$$I = \int_{0}^\infty \dfrac{e^{-\sqrt{Ax}} \ln \left(1+x\right)}{\sqrt{x}} dx , \quad A>0.$$
Any hint for solving this integral, I think Gauss quadrature cannot be applied to this. Matlab is giving numerical answers to this, that means its solvable. Any help would be highly appreciated.

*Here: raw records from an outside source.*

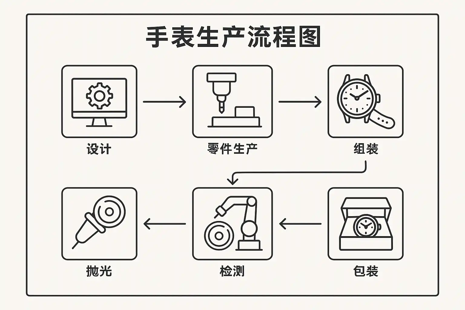 手表生产流程一般包括以下标准环节:
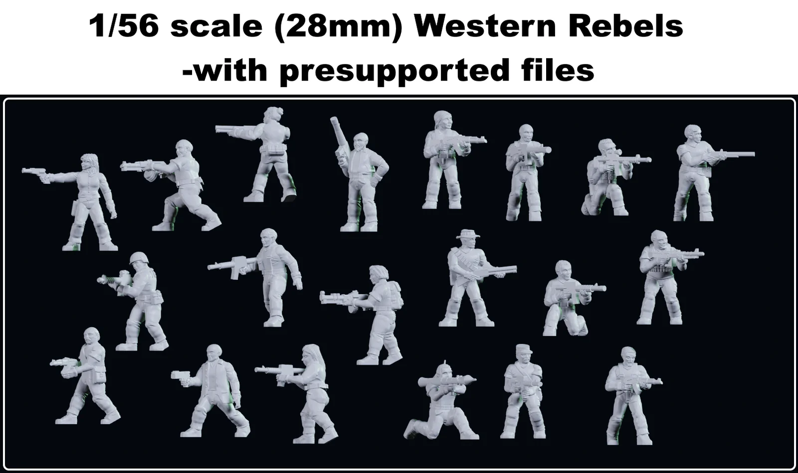 A collection of 3D printable miniature figures themed around western rebels, militia, and insurgents. The models are provided at a 1/56 scale, which translates to roughly 28mm to the eye level. The package includes both standard and presupported files to facilitate the 3D printing process. These figure sets are designed to be flexible and can be scaled by the user to dimensions as small as 10mm or as large as 38mm (1/48 scale) to suit different tabletop scales.
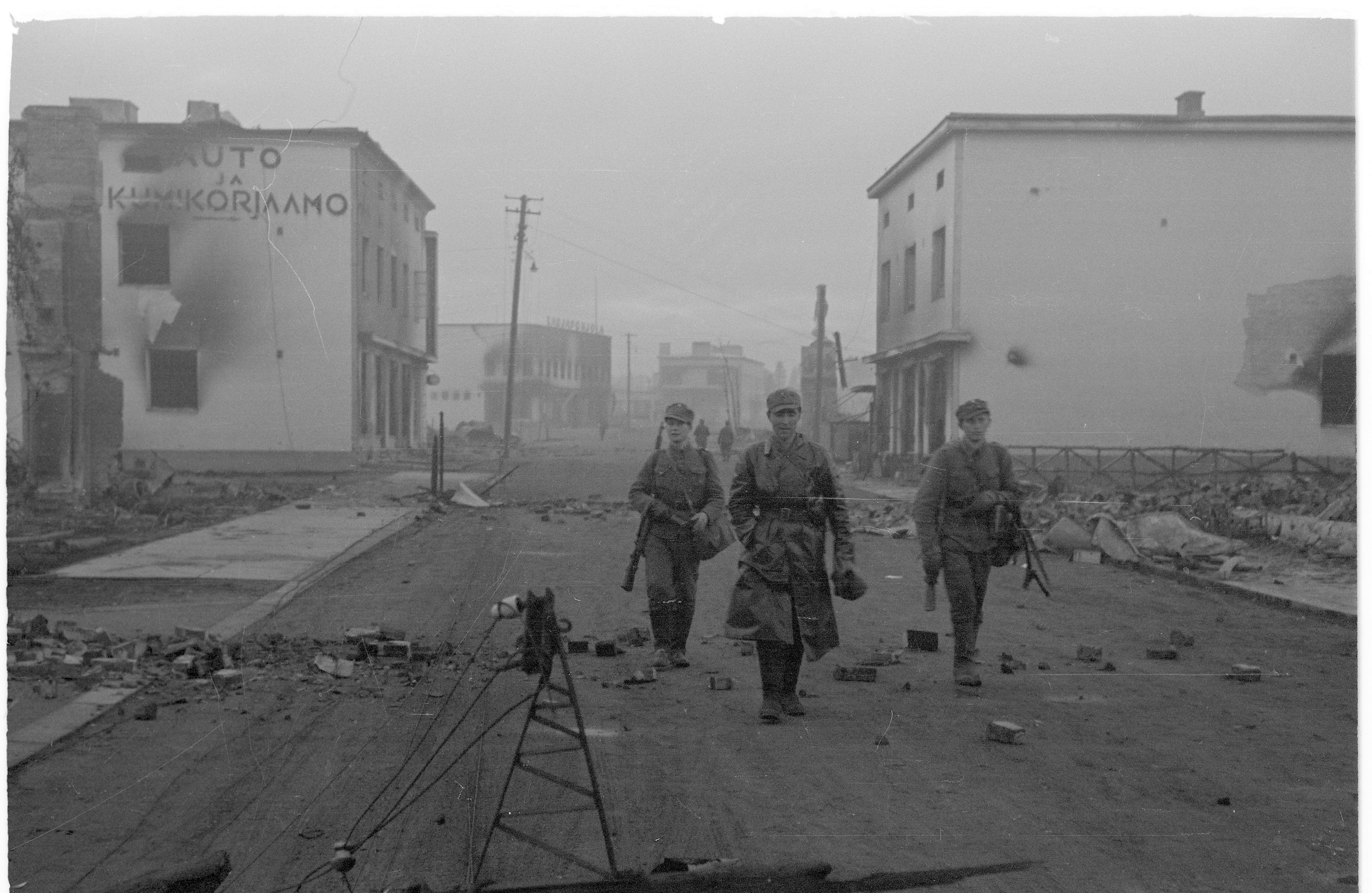 Finští vojáci ve zničeném a vypáleném Rovaniemi během laponské války.
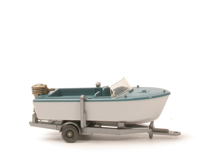 | Boot | Bootoberseite | diamantblau | Vordersitze | mit Verbindungssteg ohne Nippel | Windschutzscheibe | flach (ca. 6 mm hoch) | Lenkrad | ca. lichtgrau, 3-speichig | Fußraum (Deck) | silbern | hier Prägung | WM | Außenborder | goldmetallic | Rumpf | (grau-) weiß | | Anhänger | Farbe | silbern | Version | Typ 2 (mit Schlitz für Kunststoffhalterung) | Bodenprägung | Wiking Germany | Befestigung Boot | per Kunststoffhalterung - silbern | Räder | anthrazit, Nabe glatt |
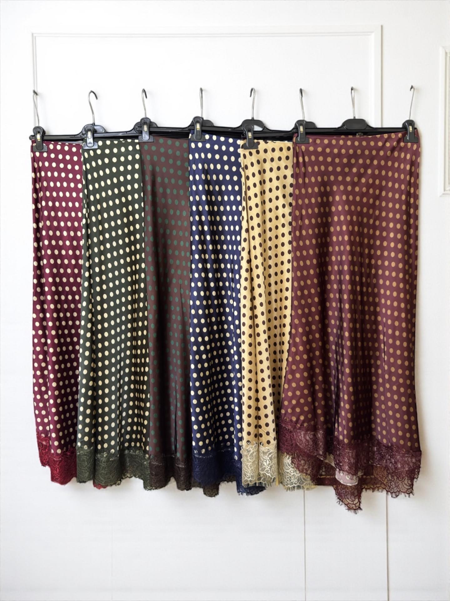 La falda AZALEA es una preciosidad en cuanto al tejido satinado y el detalle del encaje. Lleva cintura elástica pudiéndose adaptar a varios cuerpos..

Your question is equivalent to finding $$ g(B) = \int_{0}^{+\infty} \log(1+x^2)\,e^{- B x}\,dx $$ for $B>0$, i.e. to finding the Laplace transform of $\log(1+x^2)$. By integration by parts we have $$ g(B) = \frac{2}{B}\int_{0}^{+\infty}\frac{x}{1+x^2}\,e^{-B x}\,dx $$ and by partial fraction decomposition that equals $$ \frac{2}{B}\left[\frac{\pi}{2}\sin(B)-\sin(B)\text{Si}(B)-\cos(B)\text{Ci}(B)\right] $$ where $\text{Si}$ and $\text{Ci}$ are the sine/cosine integrals. A numerical evaluation is indeed simpler from the previous integral representation, since both $\frac{x}{1+x^2}$ and $e^{-Bx}$ are smooth and decreasing functions. For instance, by the Cauchy-Schwarz inequality
$$ g(B)\leq\frac{2}{B}\sqrt{\int_{0}^{+\infty}\frac{x\,dx}{(1+x^2)^2}\int_{0}^{+\infty}x\,e^{-2B x}\,dx}=\frac{1}{B^2\sqrt{2}}. $$